Healthcare major Fortis Healthcare on Tuesday reported a 40.4 per cent year-on-year (Y-o-Y) rise in consolidated net profit for the June quarter of financial year 2024-25 (Q1FY25) at Rs 173.98 crore, up from Rs 123.95 crore reported in the same period last year.
The company’s revenue from operations rose to Rs 1,859 crore in Q1FY25, a 12.2 per cent Y-o-Y rise from Rs 1,657 crore reported in Q1FY24.
The increase is being driven by growth in the hospital business and diagnostic businesses.
Fortis Healthcare’s consolidated earnings before interest, tax, depreciation and amortisation (Ebitda) increased 25.5 per cent Y-o-Y to Rs 343 crore in the June quarter, with Ebitda margin coming in at 18.4 per cent, compared to 16.5 per cent for the same period last year.
On a sequential basis, the company exhibited a 14.4 per cent drop in net profit and a 4.1 per cent rise in revenue from Rs 203.14 crore and Rs 1,786 crore reported in Q4FY24 respectively.
Fortis’s hospital business reported a 14.4 per cent Y-o-Y growth in revenue in the June quarter on the back of an increase in the average revenue per occupied bed (ARPOB) per day and occupancy levels for Q1FY25.
While the company reported a 9.7 per cent Y-o-Y rise in ARPOB per day to Rs 65,924, the occupancy levels grew to 67 per cent in Q1FY25, compared to 64 per cent in Q1FY24. Specialties such as neurology, oncology and pulmonology witnessed on-year revenue growth of 23 per cent, 22 per cent and 20 per cent respectively.
International patient revenues grew by 11 per cent on-year to Rs 127 crore in the June quarter, contributing nearly 8 per cent to overall hospital business revenues as against 8.6 per cent in the same quarter last fiscal.
The healthcare company’s diagnostic business reported a subdued revenue growth of 2 per cent Y-o-Y to Rs 309 crore. “Performance compared to the corresponding previous period was impacted largely due to the rebranding exercise that was undertaken in May 2023,” the company said in its investor presentation.
Commenting on the results, Ashutosh Raghuvanshi, managing director and chief executive officer (CEO), Fortis Healthcare said the company has witnessed a good start to the fiscal as reflected in its Q1 earnings.
“The hospital business continues to show an upward momentum with operating Ebitda margins expanding 330 basis points at 18.5 per cent versus Q1 FY24, a growth of 39 per cent. This was primarily led by an increase in occupancy and a higher ARPOB in Q1 FY25,” he said.
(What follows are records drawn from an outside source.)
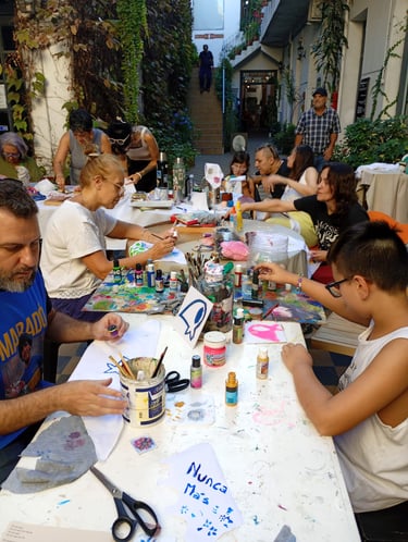 En el marco de la campaña impulsada por el CELS y Abuelas de Plaza de Mayo, desde Yara Bothrops nos propusimos habitar el espacio público para reflexionar sobre el sector cultural durante la dictadura. Junto a Zero Espacio Creativo y Chusma Chusmeta —dos proyectos liderados por mujeres locales—, impulsamos dos jornadas abiertas a la comunidad, tejidas con respeto, amor y memoria viva.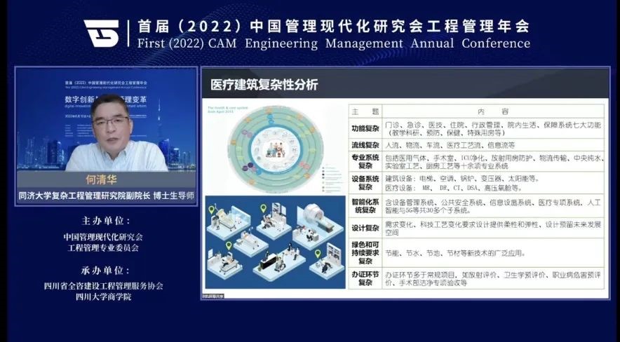 公司总裁何清华教授主题演讲以“中西方医疗创新和技术发展”为切入点,由医学发展对医院建设的启示,提出了系列科学问题的思考:医院建设创新认知、创新工具、创新研发、创新方案,甚至创新颠覆,特别提到医院建筑是一个复杂系统,并对医疗建筑复杂性进行了概要分析。最后,结合公司BIM咨询团队负责的近30个上海市级医院建筑全过程BIM应用实践案例,从全过程BIM应用实施组织模式、集成化服务、BIM的应用发展、BIM策划的价值体现,以及公司信息化平台“漫拓云工程”和基于BIM的后勤智能化运维系统等复杂工程全过程BIM+管理实践进行全面、系统性分享。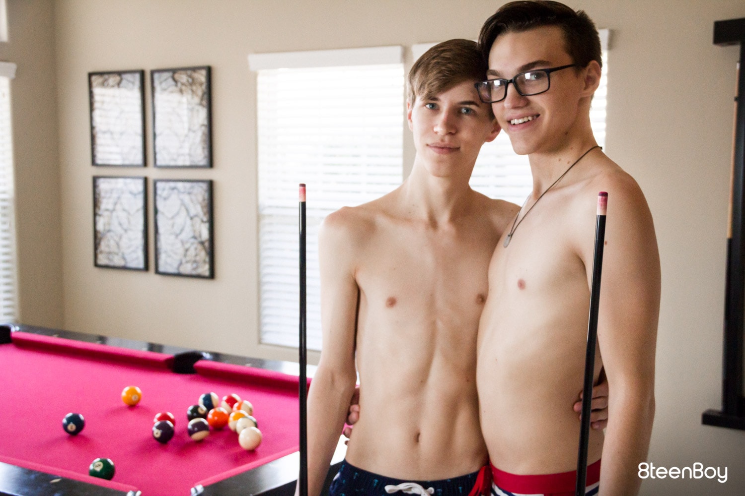 Gabe Isaac & Dustin Cook : Fresh from a swim in towels and trunks, Dustin Cook and Gabe Isaac head inside for a feisty game of pool. Gabe breaks and the guys start a game, but between the phallic pool sicks in their hands and the banging of balls they both begin to hunger for the real McCoy; besides, Gabe’s stick out weighs any pool que in the room. Dustin does some lip smacking, yummy damage on Isaac’s enormous appendage then lifts the kid’s legs up, spreads Gabe’s cheeks like butter and tongue bangs the boy’s bung hole. After that tasty tease, Isaac’s ass is begging for something more so Cook delivers, driving his dick deep inside and not letting up till his balls hit the boy’s bottom. The guys flip the scrip and Cook climbs onto the pool table to squat down on Gabe’s super huge schlong. Dustin’s hot hole handles the monster like a kid in a bounce house at a birthday party as Isaac strokes Cook’s cock as it flops around flirting inches from his face.

Speaking on the company’s future plan, Ravi Rajagopal, chairman, board of directors, Fortis Healthcare said that the company is progressing well on its plans to add capacity of close to 700 beds in this fiscal year across our key facilities including Faridabad, Anandpur, Shalimar Bagh and Noida and will also shortly be commissioning the 350-bed Manesar facility which Fortis acquired in FY24.
“In addition, given the company’s strong balance sheet, we continue to evaluate inorganic growth opportunities in our key focus clusters,” he added.